Wow what a solution, before if budget contrained you, you'd would cut the amount, now you get to cut the amount AND have the privilage of cutting the bandwith too.
I truly and specifically expected to read the exact opposite, since theres a need for a dd5 diet, a better and faster way to use scarce resources was developed. But this?
 
ASUS just did this too, was going to post about it this morning but ran out of time.
 
His AOL free Internet trial ran out.
I remember in 2002 I actually had to use AOL. We were at a training base in BFE central-ish Florida, and that was the only reliable option; even other dial-up services weren't as reliable.
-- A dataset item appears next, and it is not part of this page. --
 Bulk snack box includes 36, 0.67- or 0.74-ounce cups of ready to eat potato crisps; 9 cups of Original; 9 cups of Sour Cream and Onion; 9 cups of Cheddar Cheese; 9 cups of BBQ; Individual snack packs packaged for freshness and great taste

To think we not only gamed on that, but we also downloaded games and patches and short videos and music and everything else...
 
I remember in 2002 I actually had to use AOL. We were at a training base in BFE central-ish Florida, and that was the only reliable option; even other dial-up services weren't as reliable.

To think we not only gamed on that, but we also downloaded games and patches and short videos and music and everything else...
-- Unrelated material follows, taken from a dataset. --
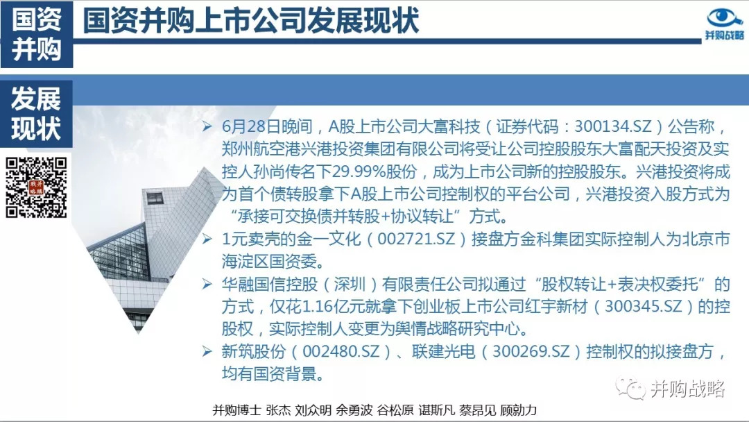 摘要:在资管新规的大背景下,国资并购上市公司股权的情况处于上升趋势,其不仅体现了国资公司运作思路的转变,同时通过国资平台有利于企业提升效益和效率。本文对国资并购上市公司现状、并购模式和一系列分类数据等展开分析,对国资并购上市公司进行了深度解读。

At least you weren't the person who would pay for broadband when it came out around that time AND paid for AOL to use AOL on said broadband. lol
Those people cracked me up.
 
I don't know about the first. Maybe the first to be mainstream about it, but even then irc was pretty easily accessible by the average internet user as well.

AOL and CompuServe might have been the first paid ecosystem community so to speak.
 
To think we not only gamed on that, but we also downloaded games and patches and short videos and music and everything else...
I downloaded music on dial-up but I never played games on it. I waited until I went to college and had access to their T1 line. First game I ever played online was Unreal Tournament 1. Got my @ss handed to me, and it was those college years that taught me that I'm an offline against-the-bots player. I've rarely played any other games online since. A few matches of some of the Halo games, CoD4 on a PC server called Grumpy Old Men Gaming (miss those guys!), Hawken when I was an alpha and beta tester, and maybe a few scant others. I'm not really an online multiplayer guy.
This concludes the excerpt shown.